# Dataset items
%%
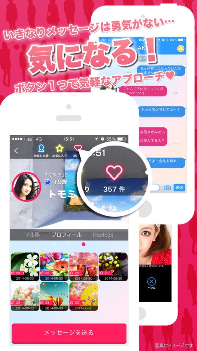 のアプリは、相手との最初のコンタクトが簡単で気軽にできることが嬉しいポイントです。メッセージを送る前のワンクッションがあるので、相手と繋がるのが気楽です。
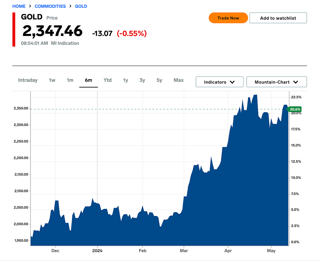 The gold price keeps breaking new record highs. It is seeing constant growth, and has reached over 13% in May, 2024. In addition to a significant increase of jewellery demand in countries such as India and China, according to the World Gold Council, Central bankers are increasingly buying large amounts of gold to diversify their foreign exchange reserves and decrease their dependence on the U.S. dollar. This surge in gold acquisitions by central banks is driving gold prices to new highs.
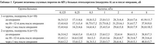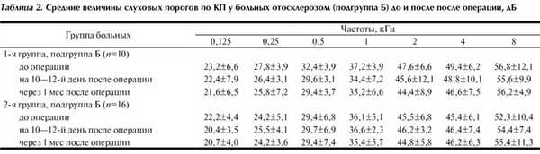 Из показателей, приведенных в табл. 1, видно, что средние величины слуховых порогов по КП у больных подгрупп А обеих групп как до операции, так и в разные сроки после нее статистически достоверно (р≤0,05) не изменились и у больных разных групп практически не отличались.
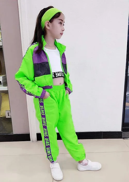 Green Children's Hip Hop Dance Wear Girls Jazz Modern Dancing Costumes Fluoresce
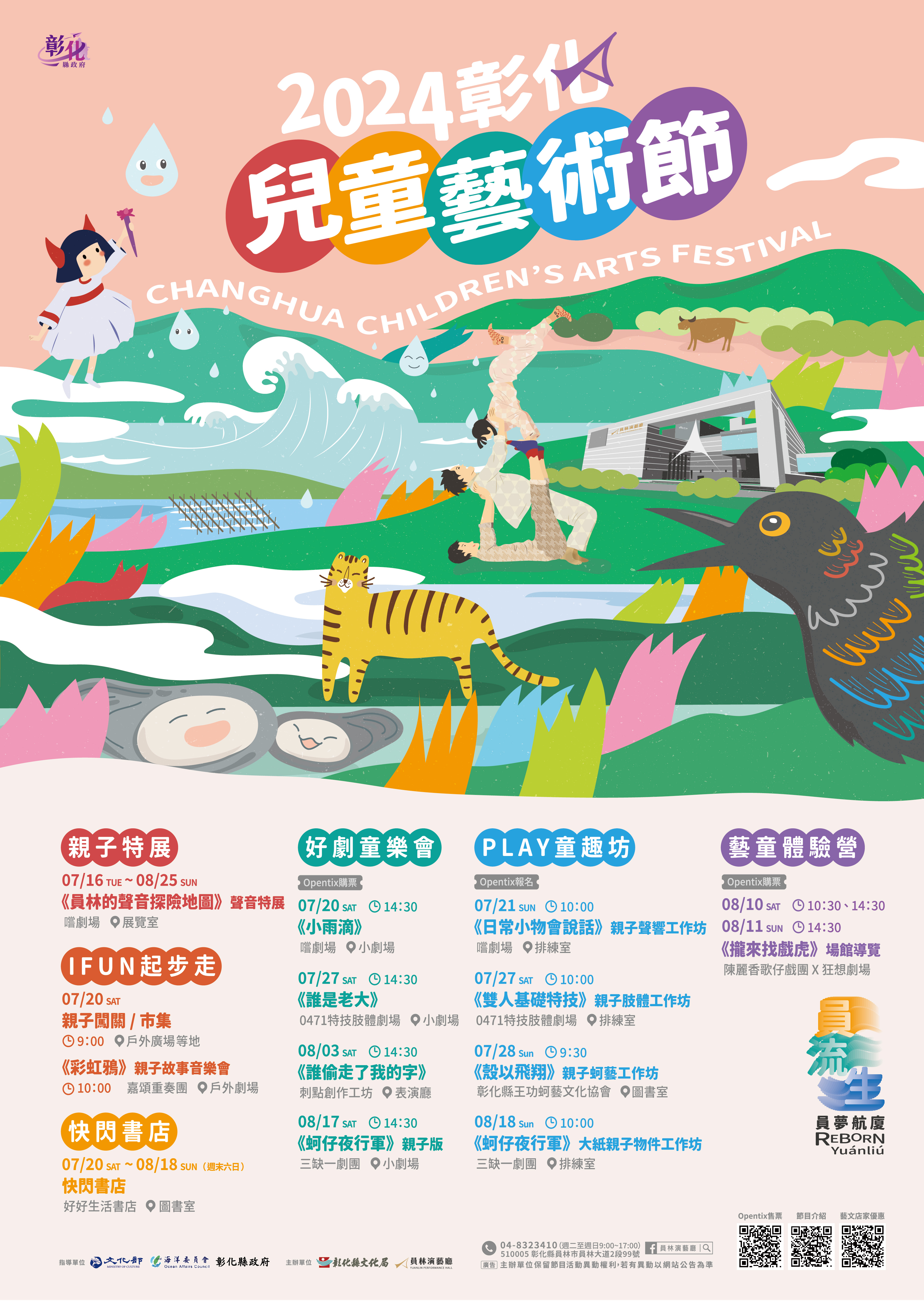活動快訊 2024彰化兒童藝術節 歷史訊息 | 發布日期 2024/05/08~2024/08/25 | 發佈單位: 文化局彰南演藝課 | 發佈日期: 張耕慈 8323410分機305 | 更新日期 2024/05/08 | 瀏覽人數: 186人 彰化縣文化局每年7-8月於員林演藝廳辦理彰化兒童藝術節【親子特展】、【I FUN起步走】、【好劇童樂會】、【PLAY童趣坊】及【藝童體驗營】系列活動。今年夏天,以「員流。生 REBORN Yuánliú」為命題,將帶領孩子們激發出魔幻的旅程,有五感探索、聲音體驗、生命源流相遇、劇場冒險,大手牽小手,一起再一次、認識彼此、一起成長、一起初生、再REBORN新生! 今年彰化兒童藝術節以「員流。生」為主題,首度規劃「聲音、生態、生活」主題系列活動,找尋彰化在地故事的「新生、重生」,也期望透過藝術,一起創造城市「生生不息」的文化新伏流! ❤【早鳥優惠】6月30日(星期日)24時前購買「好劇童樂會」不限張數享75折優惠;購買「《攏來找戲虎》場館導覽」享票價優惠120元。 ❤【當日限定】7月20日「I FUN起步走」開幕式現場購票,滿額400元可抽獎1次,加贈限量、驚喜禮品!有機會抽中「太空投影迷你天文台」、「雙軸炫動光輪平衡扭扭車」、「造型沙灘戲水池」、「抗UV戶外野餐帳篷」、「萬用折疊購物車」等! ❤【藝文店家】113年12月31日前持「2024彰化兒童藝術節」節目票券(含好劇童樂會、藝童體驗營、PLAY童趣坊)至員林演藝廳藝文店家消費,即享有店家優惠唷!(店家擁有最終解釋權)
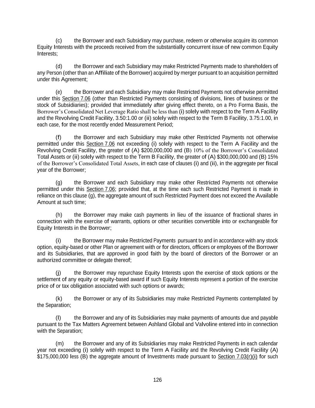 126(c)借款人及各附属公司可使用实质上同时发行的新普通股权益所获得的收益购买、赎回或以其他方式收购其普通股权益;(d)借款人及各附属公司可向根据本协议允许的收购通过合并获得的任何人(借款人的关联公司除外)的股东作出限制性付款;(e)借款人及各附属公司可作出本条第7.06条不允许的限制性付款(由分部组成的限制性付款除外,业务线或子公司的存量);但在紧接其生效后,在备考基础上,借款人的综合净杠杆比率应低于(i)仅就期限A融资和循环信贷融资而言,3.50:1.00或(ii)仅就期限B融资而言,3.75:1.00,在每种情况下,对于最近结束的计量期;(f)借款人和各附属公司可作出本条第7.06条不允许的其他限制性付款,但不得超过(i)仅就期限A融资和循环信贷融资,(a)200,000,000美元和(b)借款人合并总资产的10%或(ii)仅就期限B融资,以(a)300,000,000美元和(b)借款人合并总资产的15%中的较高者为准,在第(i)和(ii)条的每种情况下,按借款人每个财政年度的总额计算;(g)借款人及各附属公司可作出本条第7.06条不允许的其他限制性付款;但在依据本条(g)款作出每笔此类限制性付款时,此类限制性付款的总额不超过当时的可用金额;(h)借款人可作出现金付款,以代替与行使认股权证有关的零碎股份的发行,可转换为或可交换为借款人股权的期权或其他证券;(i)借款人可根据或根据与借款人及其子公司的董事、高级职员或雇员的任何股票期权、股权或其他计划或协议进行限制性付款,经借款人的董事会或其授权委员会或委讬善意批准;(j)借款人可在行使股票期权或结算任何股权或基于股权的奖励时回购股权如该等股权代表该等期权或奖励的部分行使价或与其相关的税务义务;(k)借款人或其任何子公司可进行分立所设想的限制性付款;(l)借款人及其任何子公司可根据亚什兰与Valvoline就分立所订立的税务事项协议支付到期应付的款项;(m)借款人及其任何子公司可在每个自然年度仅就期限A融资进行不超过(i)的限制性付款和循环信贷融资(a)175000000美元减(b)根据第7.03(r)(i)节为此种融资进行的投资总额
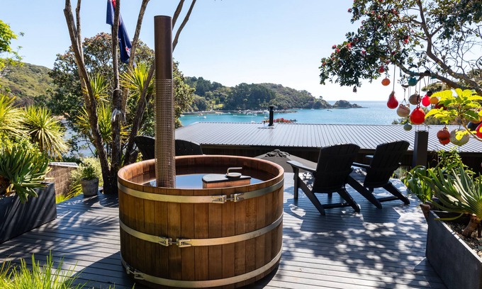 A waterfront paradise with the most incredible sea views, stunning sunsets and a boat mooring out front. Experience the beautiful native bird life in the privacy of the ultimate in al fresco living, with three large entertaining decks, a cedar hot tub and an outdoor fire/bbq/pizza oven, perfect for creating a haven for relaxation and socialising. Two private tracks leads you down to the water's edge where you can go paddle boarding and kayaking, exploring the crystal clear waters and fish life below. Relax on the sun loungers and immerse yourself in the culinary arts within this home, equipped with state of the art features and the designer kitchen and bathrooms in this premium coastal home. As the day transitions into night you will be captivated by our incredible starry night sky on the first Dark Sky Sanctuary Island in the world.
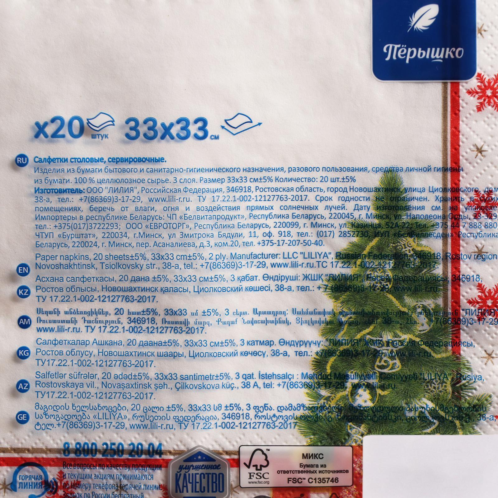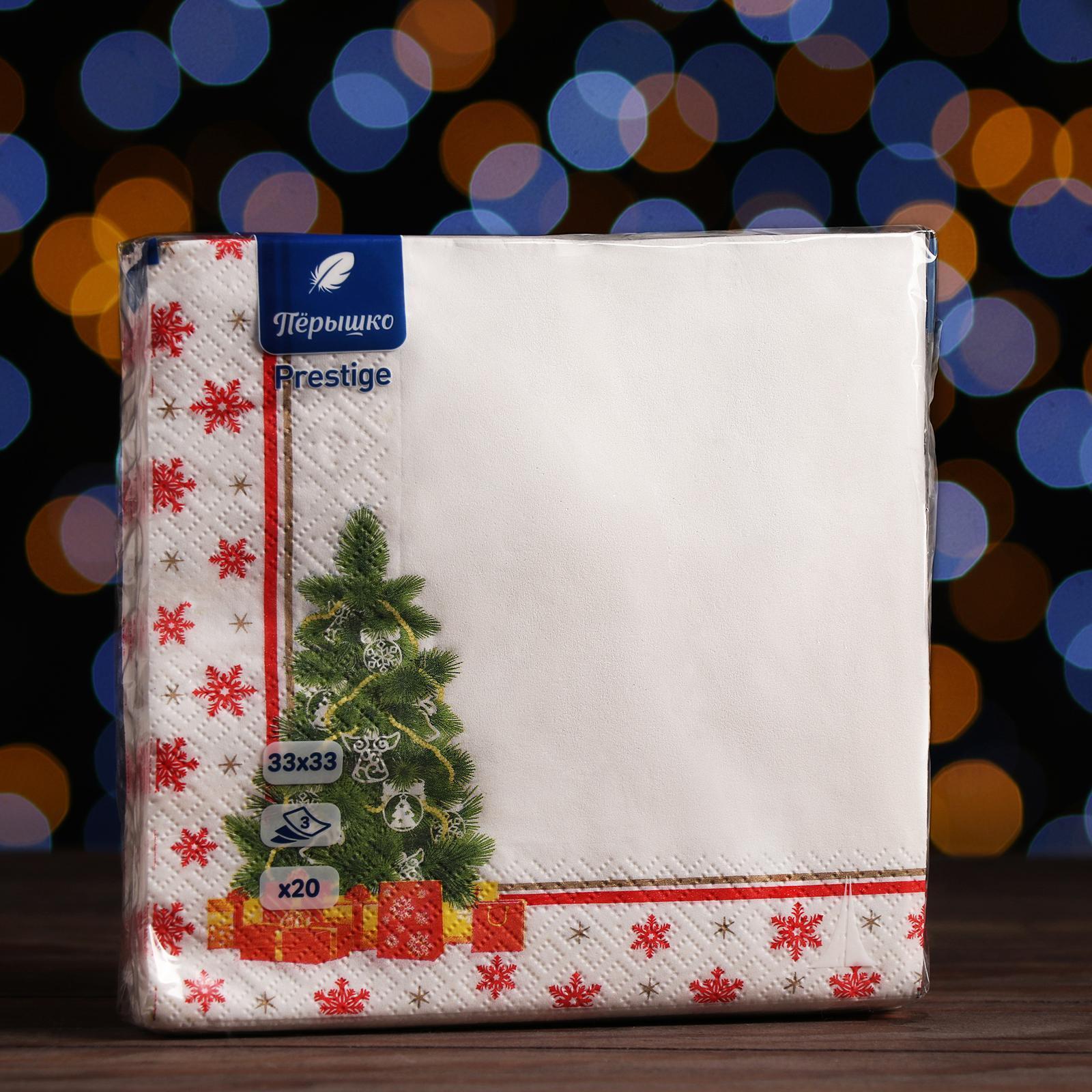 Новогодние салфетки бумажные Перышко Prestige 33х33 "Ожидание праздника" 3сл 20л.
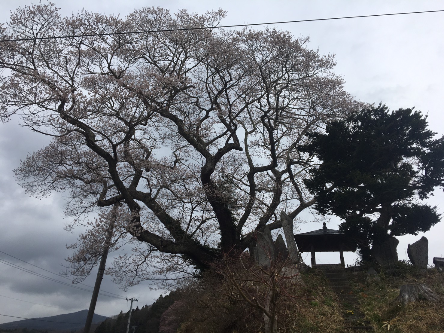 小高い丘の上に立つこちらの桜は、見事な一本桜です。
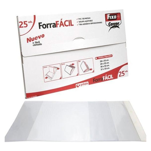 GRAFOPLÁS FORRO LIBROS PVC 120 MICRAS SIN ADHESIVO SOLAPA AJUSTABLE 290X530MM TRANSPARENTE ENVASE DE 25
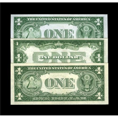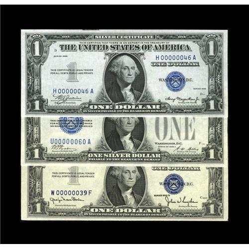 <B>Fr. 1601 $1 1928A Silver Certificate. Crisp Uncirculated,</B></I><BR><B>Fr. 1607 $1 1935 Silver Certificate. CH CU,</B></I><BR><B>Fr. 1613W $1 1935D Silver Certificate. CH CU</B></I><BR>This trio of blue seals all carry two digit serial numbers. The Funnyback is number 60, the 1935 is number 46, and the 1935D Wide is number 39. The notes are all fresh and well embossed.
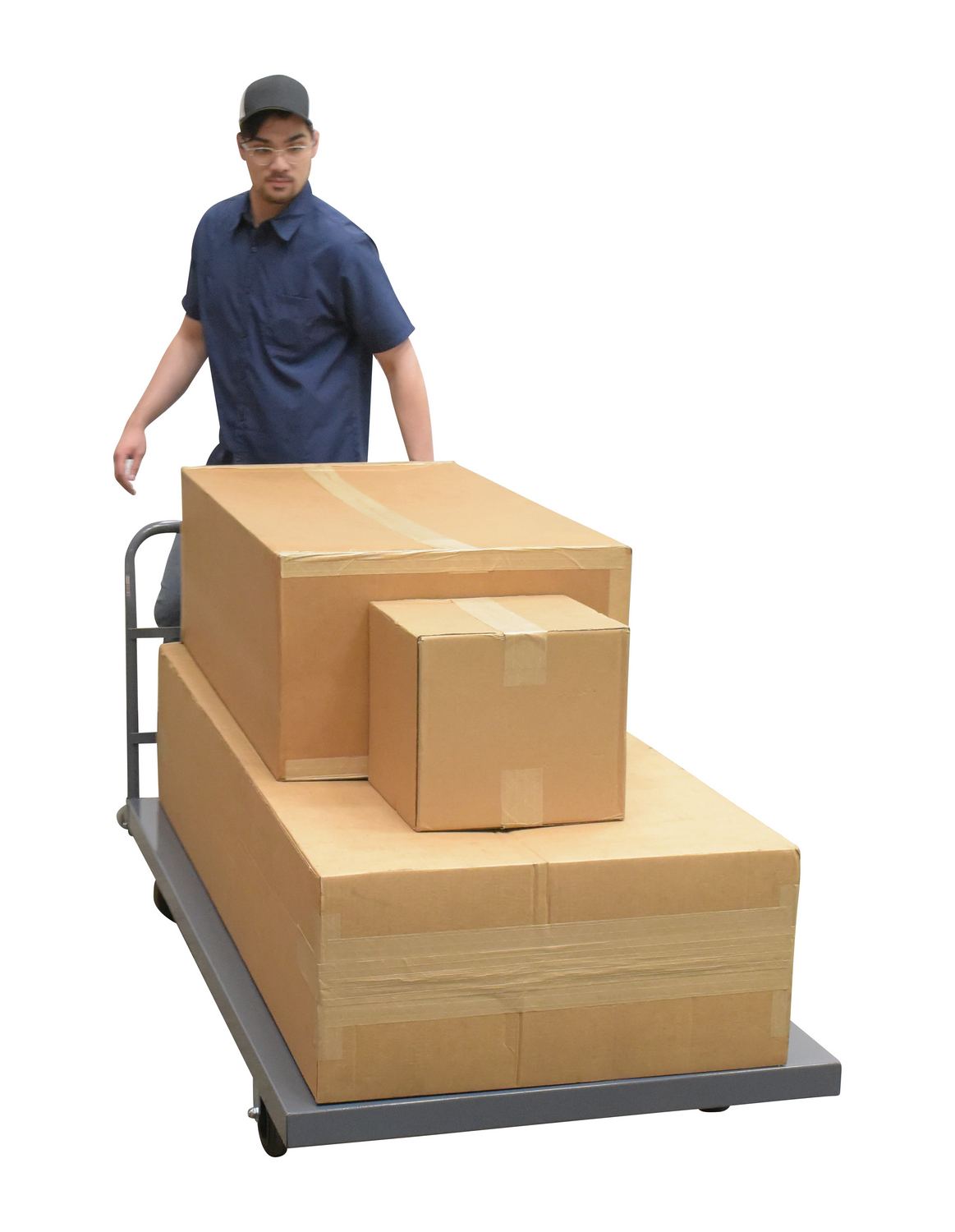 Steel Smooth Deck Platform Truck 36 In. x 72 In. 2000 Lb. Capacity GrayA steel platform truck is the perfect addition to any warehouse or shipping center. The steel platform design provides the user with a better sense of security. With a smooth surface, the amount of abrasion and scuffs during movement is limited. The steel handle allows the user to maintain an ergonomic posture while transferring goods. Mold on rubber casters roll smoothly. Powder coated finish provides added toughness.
%%
# Try it
Would you transcribe the lines above exactly, going from the line bearing "Green Children's Hip" through the line bearing "活動快訊 2024彰化兒童藝術節 歷史訊息", and drop the pictures from the copy?

# Response area
 Green Children's Hip Hop Dance Wear Girls Jazz Modern Dancing Costumes Fluoresce
活動快訊 2024彰化兒童藝術節 歷史訊息 | 發布日期 2024/05/08~2024/08/25 | 發佈單位: 文化局彰南演藝課 | 發佈日期: 張耕慈 8323410分機305 | 更新日期 2024/05/08 | 瀏覽人數: 186人 彰化縣文化局每年7-8月於員林演藝廳辦理彰化兒童藝術節【親子特展】、【I FUN起步走】、【好劇童樂會】、【PLAY童趣坊】及【藝童體驗營】系列活動。今年夏天,以「員流。生 REBORN Yuánliú」為命題,將帶領孩子們激發出魔幻的旅程,有五感探索、聲音體驗、生命源流相遇、劇場冒險,大手牽小手,一起再一次、認識彼此、一起成長、一起初生、再REBORN新生! 今年彰化兒童藝術節以「員流。生」為主題,首度規劃「聲音、生態、生活」主題系列活動,找尋彰化在地故事的「新生、重生」,也期望透過藝術,一起創造城市「生生不息」的文化新伏流! ❤【早鳥優惠】6月30日(星期日)24時前購買「好劇童樂會」不限張數享75折優惠;購買「《攏來找戲虎》場館導覽」享票價優惠120元。 ❤【當日限定】7月20日「I FUN起步走」開幕式現場購票,滿額400元可抽獎1次,加贈限量、驚喜禮品!有機會抽中「太空投影迷你天文台」、「雙軸炫動光輪平衡扭扭車」、「造型沙灘戲水池」、「抗UV戶外野餐帳篷」、「萬用折疊購物車」等! ❤【藝文店家】113年12月31日前持「2024彰化兒童藝術節」節目票券(含好劇童樂會、藝童體驗營、PLAY童趣坊)至員林演藝廳藝文店家消費,即享有店家優惠唷!(店家擁有最終解釋權)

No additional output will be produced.